Significance level alpha

  • P(reject H0 when H0 is true), usually at 5%, set before data collection
  • if the P-val is less than the predetermined significance level alpha, result is statistically significant
  • type I error

Power

  • P(correctly reject H0), or P(reject H0 when H0 is not true), identifying the effect when the effect exists
  • Underpowered: probability of identifying a real effect is low
  • 1 - type II error
  • What affects power:
    • sample size
    • effect size (difference and variability),
    • significance: the more strict (smaller alpha, less false positives) would reduce the power and increase the chance of false negatives
# find power with different values of n, d, alpha
pwr::pwr.t.test(n=30, d=0.2, sig.level = 0.05, type = 'one.sample') # default

     One-sample t test power calculation 

              n = 30
              d = 0.2
      sig.level = 0.05
          power = 0.1851834
    alternative = two.sided
pwr::pwr.t.test(n=30, d=0.5, sig.level = 0.05, type = 'one.sample') # larger effect size

     One-sample t test power calculation 

              n = 30
              d = 0.5
      sig.level = 0.05
          power = 0.7539647
    alternative = two.sided
pwr::pwr.t.test(n=30, d=0.2, sig.level = 0.01, type = 'one.sample') # smaller significance level

     One-sample t test power calculation 

              n = 30
              d = 0.2
      sig.level = 0.01
          power = 0.06174534
    alternative = two.sided
pwr::pwr.t.test(n=100, d=0.2, sig.level = 0.05, type = 'one.sample') # larger n

     One-sample t test power calculation 

              n = 100
              d = 0.2
      sig.level = 0.05
          power = 0.5082648
    alternative = two.sided

Sensitivity and specificity

  • concepts commonly used in diagnostic testing and classification
  • TP / P, all real positives
  • TN / N, all real negatives
  • TP / (TP + FP), positive predictive value, affected by prevalence
  • TPR: same as sensitivity, TP / P
  • FPR (false positive rate): FP / N, 1 - specificity. These two are the ones plotted in ROC curves.
  • FDR (false discovery rate): FP / (FP + TP). It is 1 - PPV

Multiple testing

  • family-wise error rate FWER: probability of making at least one type I error when conducting multiple tests
  • example: a clinical trial that evaluates a new drug across three end points: reduction in blood pressure, improvement of cholesterol levels, weight loss. By conducting three independent tests, each on has significance level alpha of 0.05. The probability of making at least one false discovery increases.
  • solutions
    • Bonferroni correction (more conservative, avoid FP): new significance level, alpha divided by number of tests. Compare p-value with the new alpha (or equivalently, p-value multiplied by the number of tests). Suitable when you have a small number of tests and want a very conservative approach. Increased risk of type II errors as it fails to identify real effects, but good when a FP leads to harmful consequences.
    • Control for False discovery rate FDR with Benjamin-Hochberg procedure. Good balance for discovery and false positives. Has more power (as a consequence for less type II error compared to above). More suitable for higher numbers of tests, and when some FPs are tolerable.
    • conceptual difference between the two: BC controls FWER, the probability of at least one type I error; FDR controls proportion of FP in positives (rejected H0s, TP + FP)
# original pv
p_values <- c(0.03, 0.02, 0.08, 0.01)
# bonferroni, essentially multiply by number of tests
p.adjust(p_values, method = "bonferroni")
[1] 0.12 0.08 0.32 0.04
# control for fdr
p.adjust(p_values, method = "BH")
[1] 0.04 0.04 0.08 0.04

BC rejects one, FDR rejects three -> rejection means more discoveries (accepted H1)

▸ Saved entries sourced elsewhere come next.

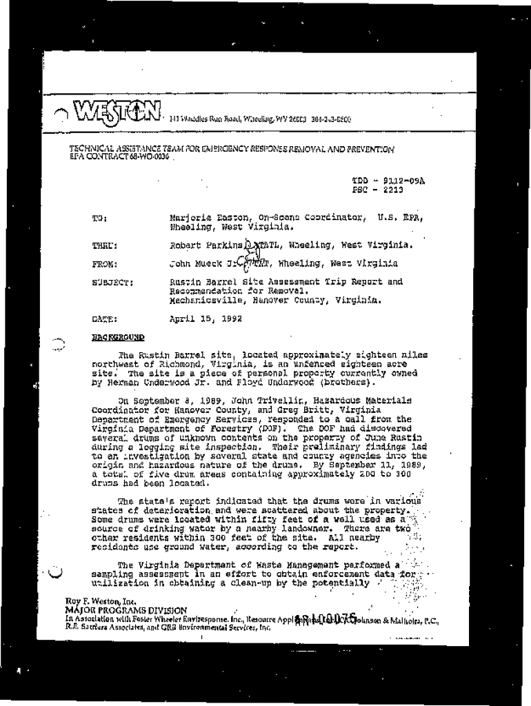 141 Waddles Run RO.NL, Wheeling, WV 26003 3042430800 TECHNICAL ASSISTANCE TEAM FOR EMERGENCY RESPONSE REMOVAL AND PREVENTION EPA CONTRACT 68WO0036. TDD 911209A PSC 2213oTO:Marjorie Eastern, Obscene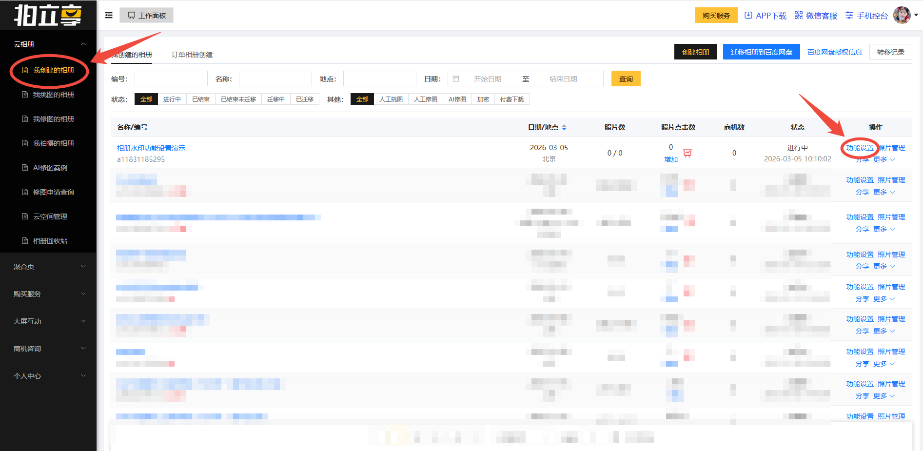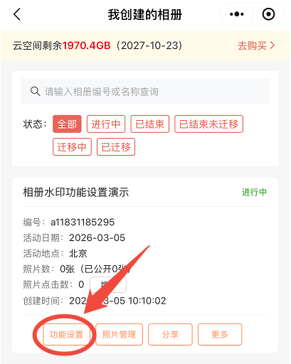 重新一键生成步骤:进入我创建的相册→功能设置→照片水印→点击“提交重新生成水印”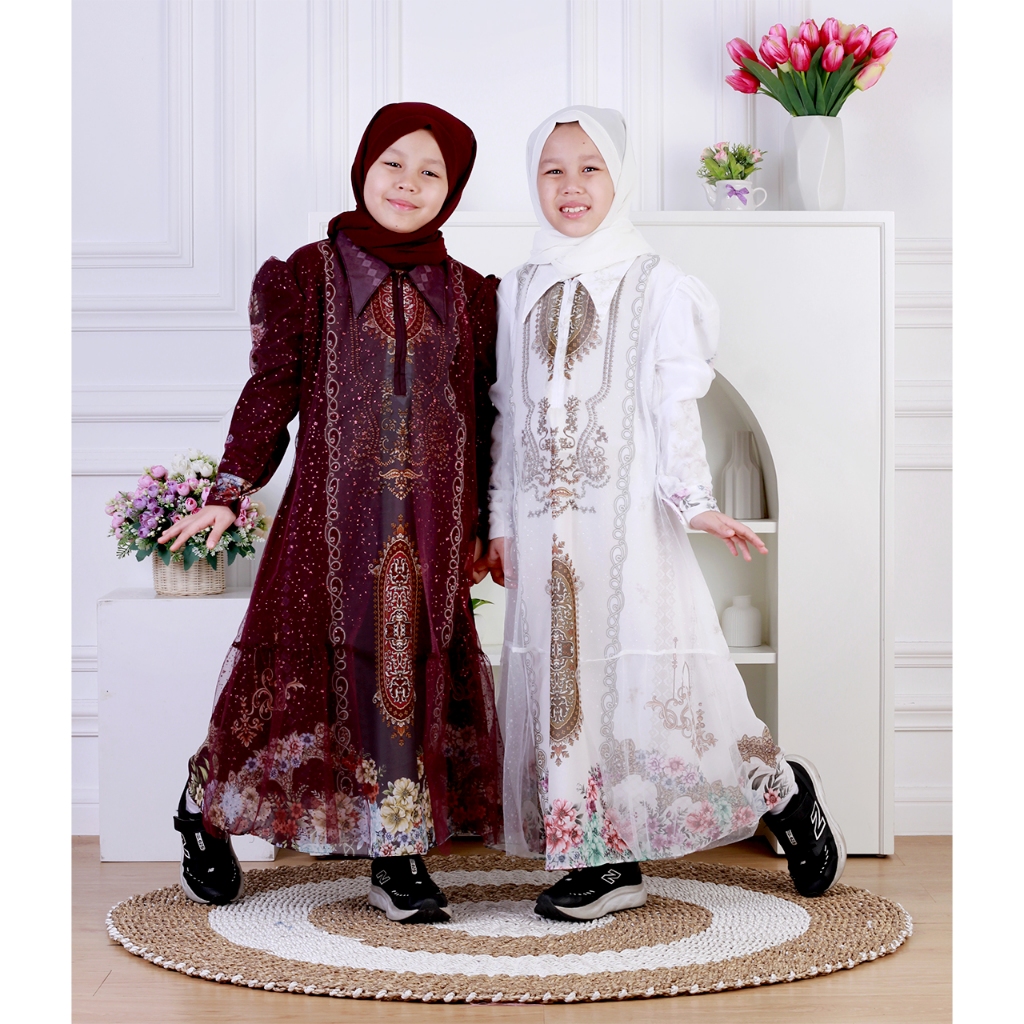 Dungdungkids Gamis Anak Sultan Aresha Ceruty Babydoll Mix Tile Glitter Free Jilbab 3 - 14 Tahun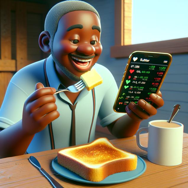 ChatGPT: A person enjoying a piece of toast with a generous spread of butter, while checking the Infosys stock price on their smartphone.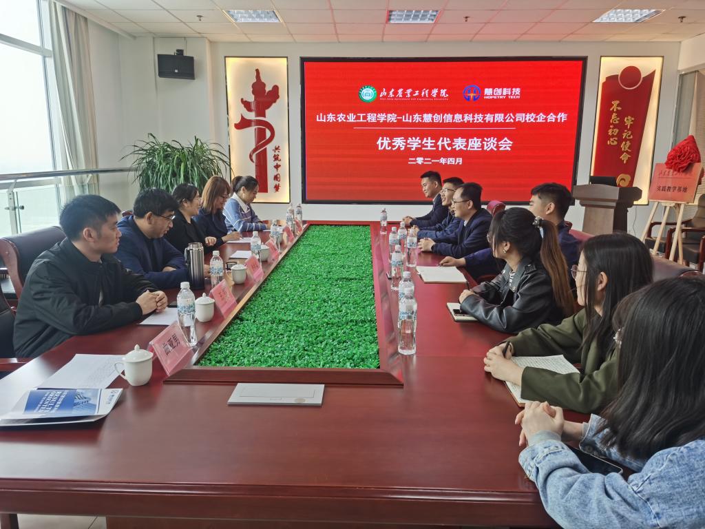 下午李院长、孙书记又和就职在慧创公司的优秀学生代表进行座谈会。在座谈会上李院长鼓励同学们继续保持高昂的学习热情,并给学生们提出了殷切的期望,告诫同学们牢记自己是山工院学子,要时刻记得用校风、校训来约束自己,不虚度光阴。规划好自己的职业方向,并一步一个脚印的抓好落实。此次座谈会在愉快的掌声中结束。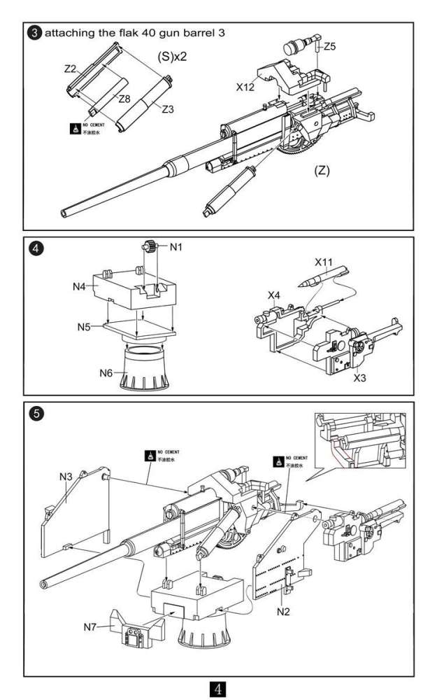 kit. One Flak 40 has been preserved in the Wehrtechnischen Studiensammlung Koblenz. This makes it possible to check the accuracy of the kit. To be honest, Modelcollect has done the job very well. The complex aiming and fire control system are replicated in great detail, with all buttons, shafts and rivets where they should be. In recent years, the new company Modelcollect has built a reputation of extremely well detailed kits and this gun is no exception to the rule. For modellers who like to participate in modelling contests: this is the type of kit you can turn into a winning model. For those who like to make dioramas: a number of spare shells are also included. The crucial part of the kit is the impressive gun barrel. Unlike some other kits in the Modelcollect range, you do not get a metal barrel. You will have to glue two halves together, with the inevitable task to make the joint invisible. Luckily, the parts fit well and give only a small joint. By successively sanding with 2000, 4000 and 6000 sanding paper, I was able to remove the joint quite easily. The same has to be done with the gun’s breach block (somewhat more difficult) and elevation mechanism. Often, also ejection marks are a delicate point. As Modelcollect is a modern company, they have taken this into account when designing the kit. All ejection marks are situated on places where they will not be visible when your kit is finished. The one exception are the ejection marks on the inside of the side supports of the gun. As the inside of these supports is completely flat, it should not be a problem to hide them with the magic duo ‘filler + sanding paper’. Some critical remarks remain for the building instructions. Some steps in the building process require a close look as the instructions are not always that clear. A pity is also the lack of detail in the painting scheme. Modelcollect suggest two options: German grey or German dark yellow. The example at the Wehrtechnischen Studiensammlung Koblenz however suggests much more detail (e.g. control wheels and instrument panels in black, several buttons and handles in red). No painting details are revealed for the shells either. These have almost the size of a man, so they are large enough to be painted with a lot of detail. Conclusion: A highly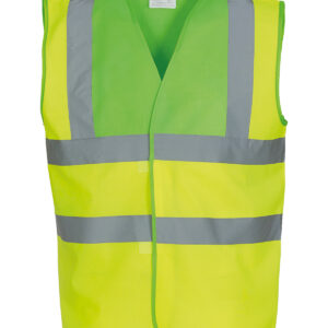 100% Polyester fabric with hook and loop fastening. Two 5cm width reflective tapes around the body and one over each shoulder. Hi-Vis Yellow, Orange, Yellow/Orange conform to EN ISO20471:2013 Class 2. Black, Lime, Navy, Purple, Paramedic Green, Red, Raspberry, Royal Blue Yoke on Hi Vis Yellow conform to EN ISO20471:2013 Class 1. All other colours provide enhanced visibility in all kinds of environments.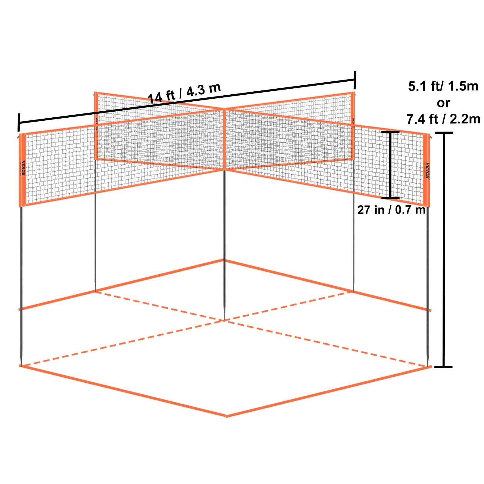 Adjustable Heights: This outdoor volleyball net offers the flexibility of two height settings, making it suitable for a wide range of players. With a lower height of 5.1 ft, it’s perfect for youths, while the taller 7.4-foot setting caters to adults, ensuring players of all ages can enjoy the game at their preferred net height. Versatile Player Combinations: Whether you have a full team of four players, a smaller group of three, or just a duo, this volleyball net accommodates various combinations effortlessly. It adapts to your player count, allowing you to enjoy the game with flexibility and convenience. Weather-Resistant & Durable: Featuring a high-strength PE net and robust 420D oxford cloth, this professional volleyball set can endure the impact of powerful hits while remaining resilient in various weather conditions. Its durability ensures long-lasting play. Reinforced Steel Poles for Stability: The thickened steel poles, with a sturdy 0.9-inch diameter, provide the necessary support. Additionally, 0.1-inch guy lines and 6-inch long stakes keep the net securely anchored, even during intense gameplay. Quick & Effortless Assembly: Enjoy games in minutes with the easy-to-use interlocking design. No tools are required for setup, making assembly a breeze. Plus, the included portable carrying bag makes it convenient to take the volleyball net with you wherever you want to play.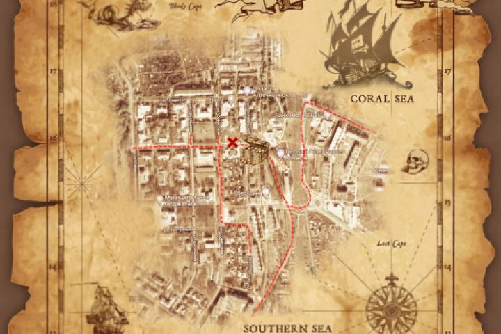 Карта местоположения для Паб-Кафе. Карта ландшафта с Google Карты переделана под пиратскую карту. Разработан в "Adobe Photoshop". Размер 3.5м х 2м
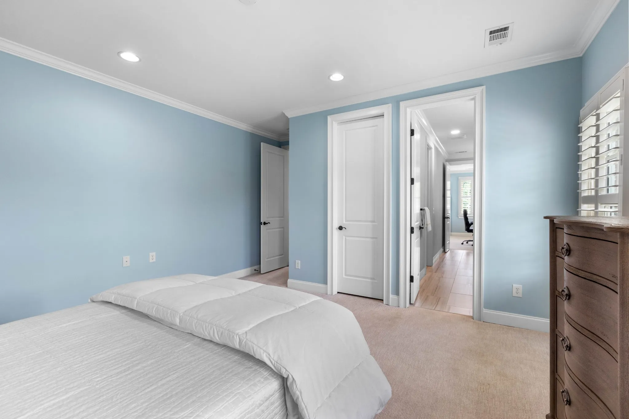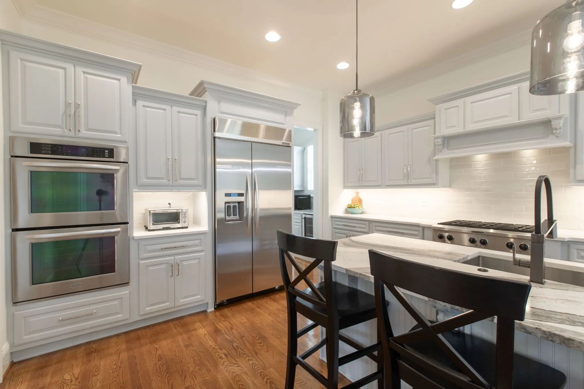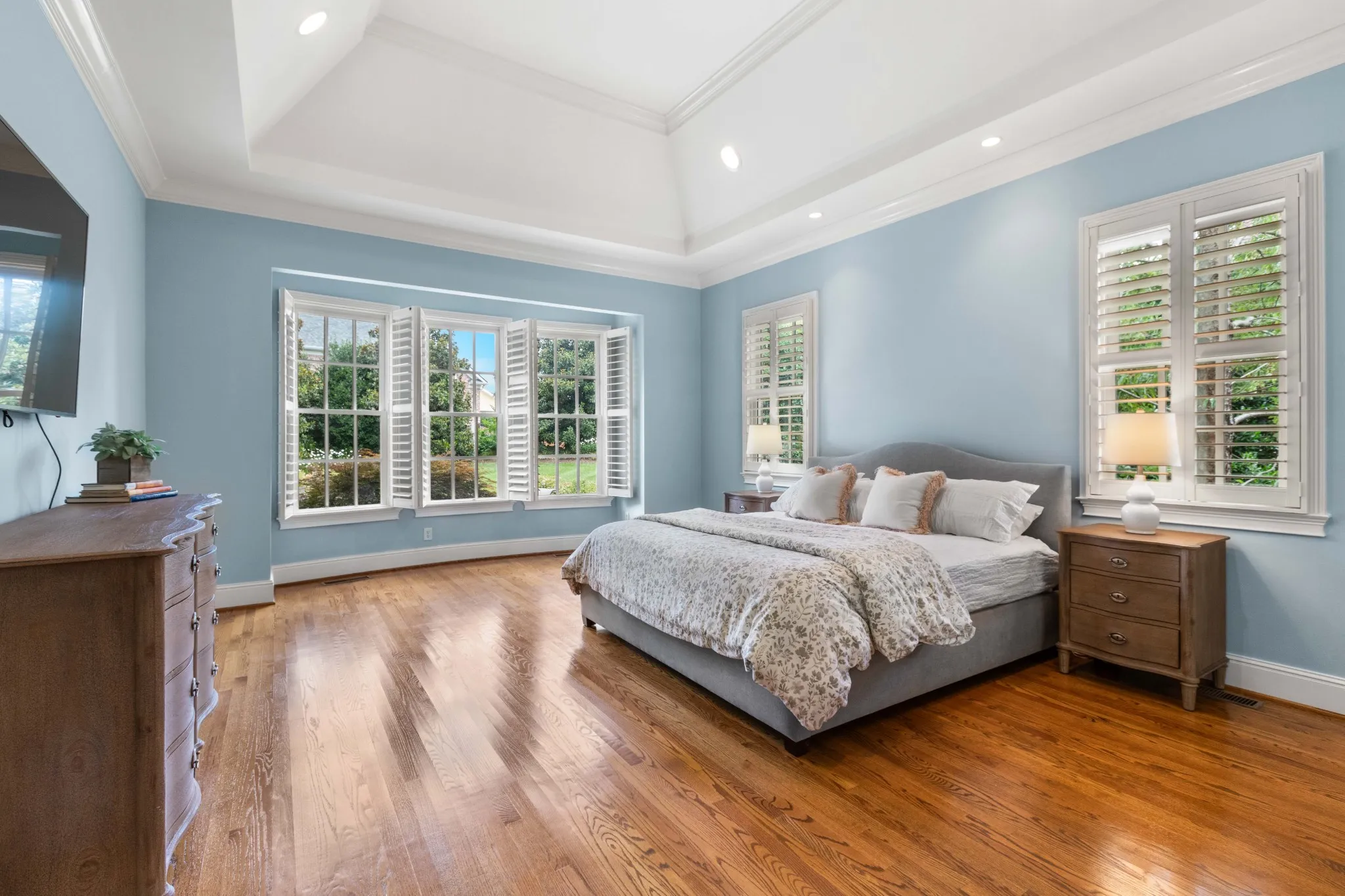 The kitchen is light and bright with newly painted cabinets and new hardware surrounding a large, gleaming quartz island. The secondary baths have also been remodeled with quartz countertops, new tile floors, hardware, and new light fixtures. ALL rooms have been repainted throughout, including ceilings and trim! The main living areas are painted in the perfect shade of warm white. Host your summer garden party in the manicured and landscaped private backyard or entertain indoors in the oversized open format and soak up the lush views from the wall of windows in the living room. Two beds on the main level and 3 upstairs, along with TWO bonus or flex rooms. Don’t miss the extra-tall 3-car garage with built-in cabinets.

Details in multiple testing

Control for FDR

FDR is the expected proportion of false positives among the rejected hypotheses (H1).

FDR = FP / (TP + FP)

The Benjamini-Hochberg (BH) procedure adjusts the significance threshold in a less stringent way. It sorts the p-values in ascending order and compares each p-value to an increasing threshold. The steps are:

  1. rank the p-values from smallest to largest, \(p_1 \leq p_2 \leq ... \leq p_m\)
  2. compute the BH critical values, \(\frac{k}{m} \times \alpha\) where k is the rank, m is the number of tests. (essentially the relative location from 0 to 1)
  3. find the largest k for which \(p_{k} \leq \frac{k}{m} \times \alpha\)
  4. reject all null hypotheses with p-val smaller than \(p_{k}\)

Interview questions

  • Can you explain Type I and Type II errors and how they impact clinical trial results?
  • How would you calculate power in a clinical trial, and why is it important?
  • How do you address multiple testing problems in a clinical trial with multiple endpoints?
  • What is an intent-to-treat (ITT) analysis, and why is it important?
  • How would you design a Phase III randomized controlled trial to compare two cancer treatments?
  • Can you explain the difference between superiority, non-inferiority, and equivalence trials?
  • What are the key differences between Phase I, II, and III clinical trials?
  • What factors do you consider when determining the appropriate sample size for a clinical trial?
  • How would you explain the importance of randomization and blinding in a clinical trial?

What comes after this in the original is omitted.